The first grant worth $3.6 million over five years is aimed at determining whether a green technique pioneered at UCF will help make treatment of hemophilia A more effective. The second grant worth $2 million for four years is for similar research for hemophilia B. The grants were awarded to UCF and UF, which applied for funding jointly thanks to a long-time collaboration between scientists at both institutions. Duke University also is a partner for the research on hemophilia A.
Hemophilia is an incurable bleeding condition that affects about 400,000 adults and children worldwide. Hemophilia is characterized by defects in the gene that produces proteins required for blood to clot. Hemophilia A, the most common type of hemophilia, is characterized by prolonged or spontaneous bleeding, especially in the muscles, joints or internal organs.
Treating hemophilia is challenging and dangerous because many patients suffer fatal allergic reactions to the protein that doctors use to facilitate blood clotting. The scientists are working on a way to make patients resistant to any deadly allergic reactions caused by the protein.
Treatments with the protein are also expensive. They must be provided in a hospital setting under supervision, and they can cost up to $1 million over a patient's lifetime because of the required hospital stays and blood transfusions. Average annual treatment costs are $60,000 to $150,000, according to the National Hemophilia Foundation.

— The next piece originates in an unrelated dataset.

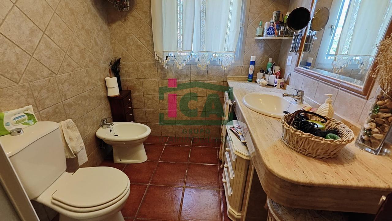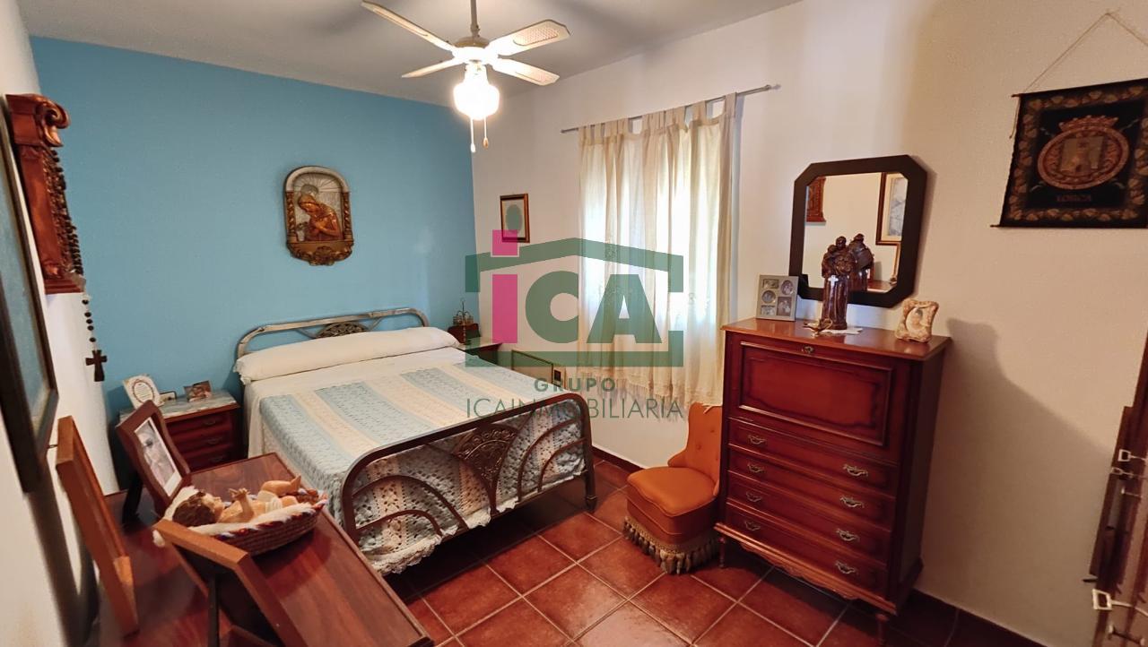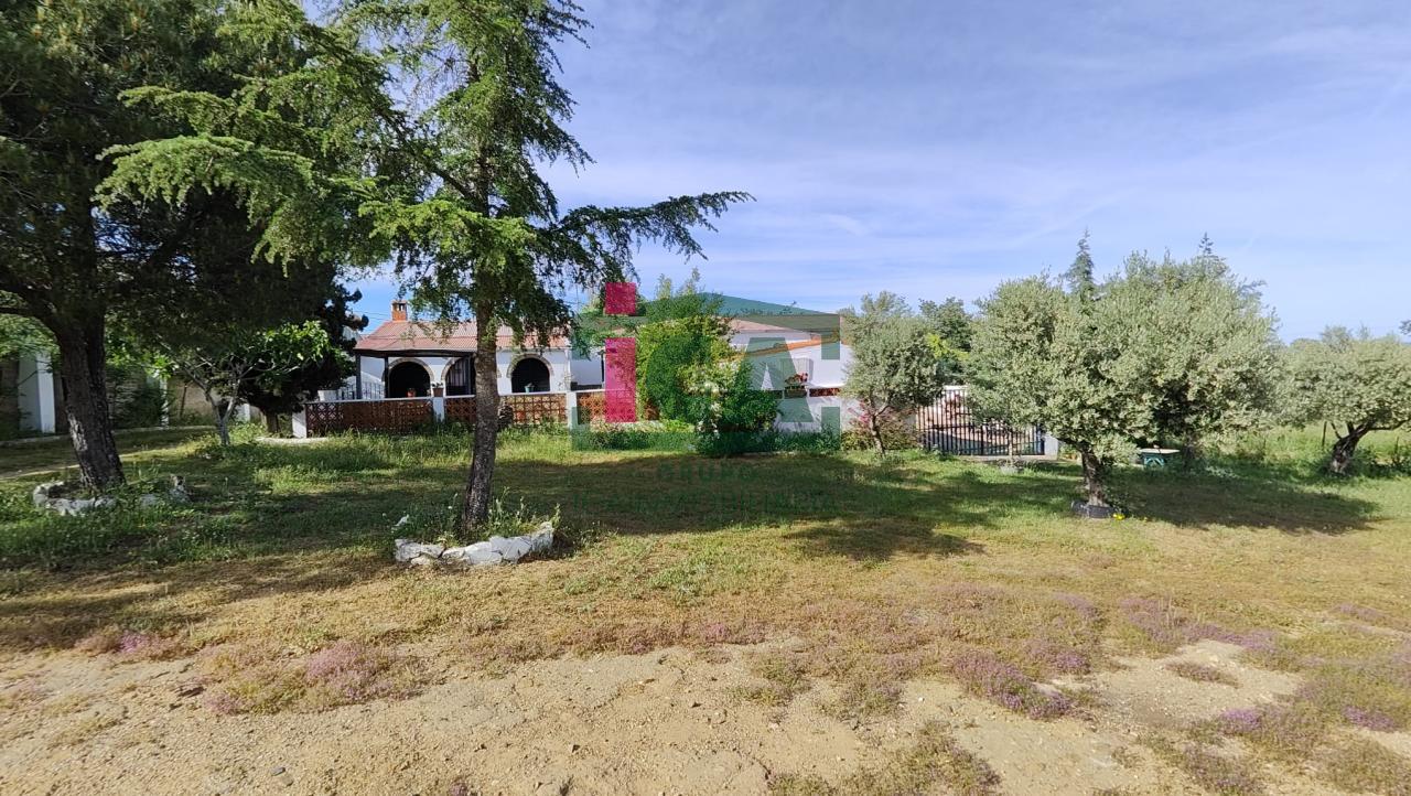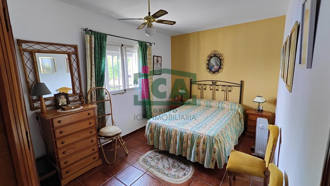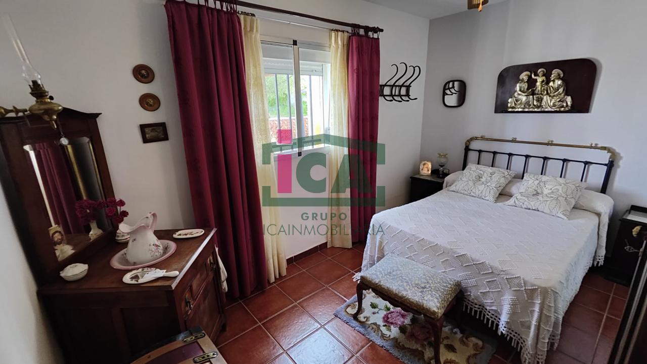 En cuanto a la vivienda tiene una superficie de unos 140 m2 aprox. todo en una sola planta, distribuida en porche cubierto de entrada con grandes ventanales, salón muy amplio con chimenea y ventilador de techo, cocina-comedor con gran despensa, 3 dormitorios todos con ventilador de techo y ventanas con mosquiteras, dos baños completos uno con bañera y otro con plato de ducha, buena carpintería, rejas en las ventanas, solados de gres rústico. Agua de red pública con su alcantarillado, además de pozo, luz eléctrica. Todo exterior y soleado.

"I am confident we will achieve success sooner than you think," said UCF Professor Henry Daniell. "We are hopeful that this technique will potentially save thousands of lives."

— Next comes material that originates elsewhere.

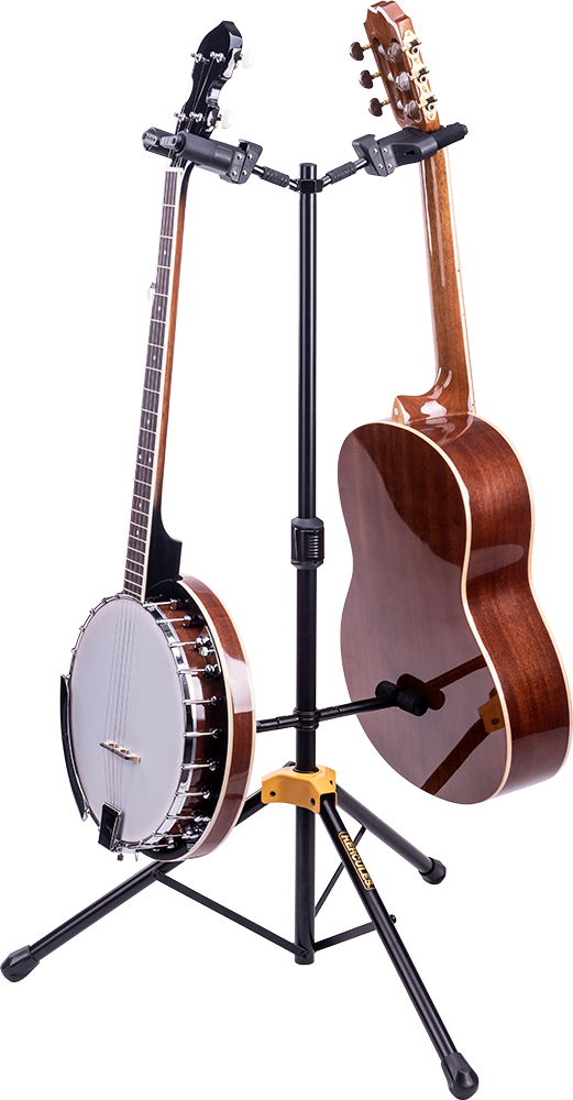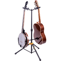 The HERCULES Double Guitar Stand GS422B PLUS accommodates two instruments and features the foldable Auto Grip System (AGS) yokes, Instant Height Adjustment Clutch, Specially Formulated Foam (SFF) padding contacts and the adjustable back rests.

The researchers are using genetically modified plants to encapsulate a tolerance-inducing protein within plant cells so the protein could be ingested and safely travel through the stomach before being released into the small intestines, where the immune system can act on it.
In mice with hemophilia B, when blood clotting factor IX bio-encapsulated within plant cells was delivered to the gut, it prevented fatal anaphylactic shock and complex immune reactions. The new NIH funding, which came through the National Lung, Blood and Heart Institute, will help propel the research to determine if the technique can work in other models and potentially to clinical trials thereafter.
"The collaboration has an excellent chance of developing treatments that improve the lives of people with hemophilia and, at the same time, help lower health care costs," said Roland Herzog, a professor at UF.